The above observation called for the use of enantiopure allylic alcohols as substrates. The data shown in Table 1 identify the combination of catalyst 2 (derived from the (1R,2S)‐ligand 1, Scheme 2a) with the (R)‐configurated terminal allylic alcohol 3a as the “matched pair”. Terminal allylic alcohols of this configuration can be obtained in large quantities and in virtually enantiopure form from the racemate by enzymatic kinetic resolution, using readily available Candida antarctica lipases (A+B). With this method, the four terminal allylic alcohols 3 a–c, e shown in Table 2 were readily provided with >99 % ee, while 3d of 98 % ee served as substrate (Table 2; see Supporting Information for experimental details).

Table 2

Epoxidation of the allylic alcohols 3a–e with hydrogen peroxide, in the presence of the titanium salalen catalyst 2.

Entry	Substrate/ product[a]	Catalyst 2 loading [mol‐%]	Yield 4 a–e [%][b]	Syn:anti 4 a–e [b]	ee 4 a–e [%][b]
1	3 a, 4 a	5	91	>99 : 1	>99
2	3 a, 4 a	1	88	>99 : 1	>99
3	3 b, 4 b	5	86	>99 : 1	>99
4	3 c, 4 c	5	93	>99 : 1	>99
5	3 c, 4 c	1	70	>99 : 1	>99
6	3 c, 4 c [c]	1	88	>99 : 1	>99
7	3 d, 4 d	10	97	98 : 2	>99
8	3 d, 4 d [d]	5	97	98 : 2	>99
9	3 e, 4 e	5	98	>99 : 1	>99

[a] Enantiopurity 3a–c, e >99 % ee, 3d: 98 % ee. [b] Determined by GC on chiral stationary phase (see Supporting Information for analytical details). [c] Additional 1.5 equiv H2O2 after 24 h and 48 h, total reaction time 72 h. [d] Additional 1.5 equiv H2O2 after 24 h.

Exposure of the allylic alcohols 3a–e to hydrogen peroxide and catalyst 2 resulted in smooth conversion to the pure syn‐epoxy alcohols 4a–e in high yield (Table 2). Of the various solvents tried for this epoxidation, chloroform proved best (see Supporting Information for solvent screening). Inspection of Table 2 reveals that for all substrates 3a–e, 5 mol‐% of catalyst were sufficient to achieve high product yields (entries 1, 3, 4, 8, 9). Note, however, that for the tert‐butyl allylic alcohol 3d, either the catalyst loading had to be increased (entry 7), or addition of a second portion (1.5 equiv) of H2O2 was necessary to achieve full conversion (entry 8). For the n‐octyl allylic alcohol 3a and the c‐hexyl substrate 3c, the catalyst loading could even be reduced to 1 mol‐%, with no detectable loss of stereoselectivity, and without significant erosion of product yield (entries 2, 5, 6). However, to achieve full conversion of the c‐hexyl substrate 3c at this low catalyst loading, the addition of two further portions of H2O2 was necessary (entry 6).

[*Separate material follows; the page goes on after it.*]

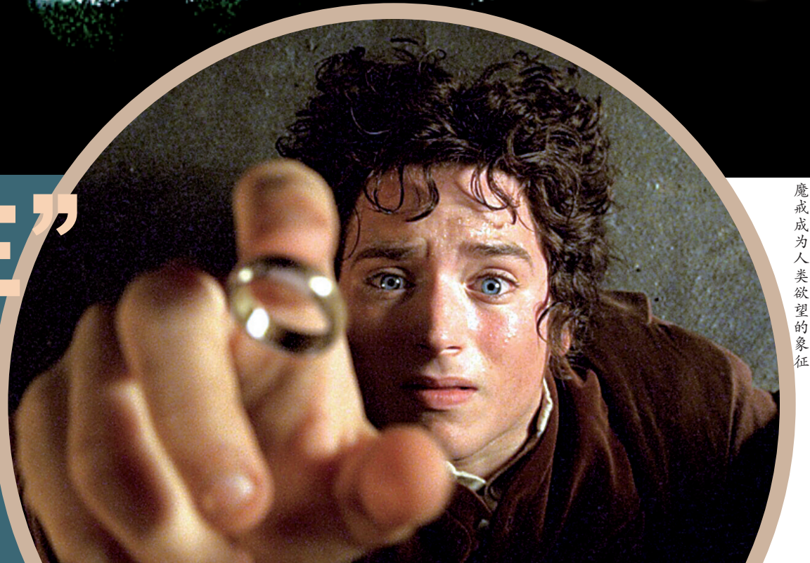
魔戒成为人类欲望的象征

上周五,已诞生20年的史诗魔幻系列电影《指环王》在中国内地正式开启重映。第一部《指环王:护戒使者》率先归来,但根据猫眼数据,该片重映首周末票房仅为2636.4万元。开局不利,本周五即将上映的《指环王2:双塔奇兵》以及尚未定档的《指环王3:王者无敌》也因此前途不明。作为全系列平均分高于9分的豆瓣高分作品,《指环王》在中国内地无疑仍拥有一大批粉丝。该系列最大的成就,在于其单凭想象力和传统电影手段,便打造出一个迄今难以超越的经典。在过度依赖电脑特效技术的当下,《指环王》及它所代表的电影传统精神似乎正在失落。

To further support the above “matched” assignment for the interaction of catalyst 2 with e.g. the substrate 3a, we additionally subjected the allylic alcohol 3a to epoxidation with the enantiomer of catalyst 2, i.e. ent‐2. As shown in Scheme 3, top, indeed the anti‐diastereomer 5a was obtained, but with an (expected) lower diastereoselectivity of 18 : 1 (anti:syn). In line with our mechanistic study on catalyst 2—and in contrast to the Sharpless AE—there is no direct coordination of the allylic alcohol's hydroxyl group to the titanium ions in catalyst 2. With this in mind, we set out to explore whether e.g. allylic ethers may also engage in the “matched” epoxidation process with catalyst 2. To our delight, the methyl ether 6 derived from allylic alcohol 3c gave the epoxy ether 7 with just the same excellent syn‐selectivity as the parent allylic alcohol (Scheme 3, bottom).

Scheme 3

Top: anti‐selective epoxidation of the allylic alcohol 3a with the “mismatched” catalyst ent‐2; bottom: syn‐selective epoxidation of the methyl ether 6 with the “matched” catalyst 2.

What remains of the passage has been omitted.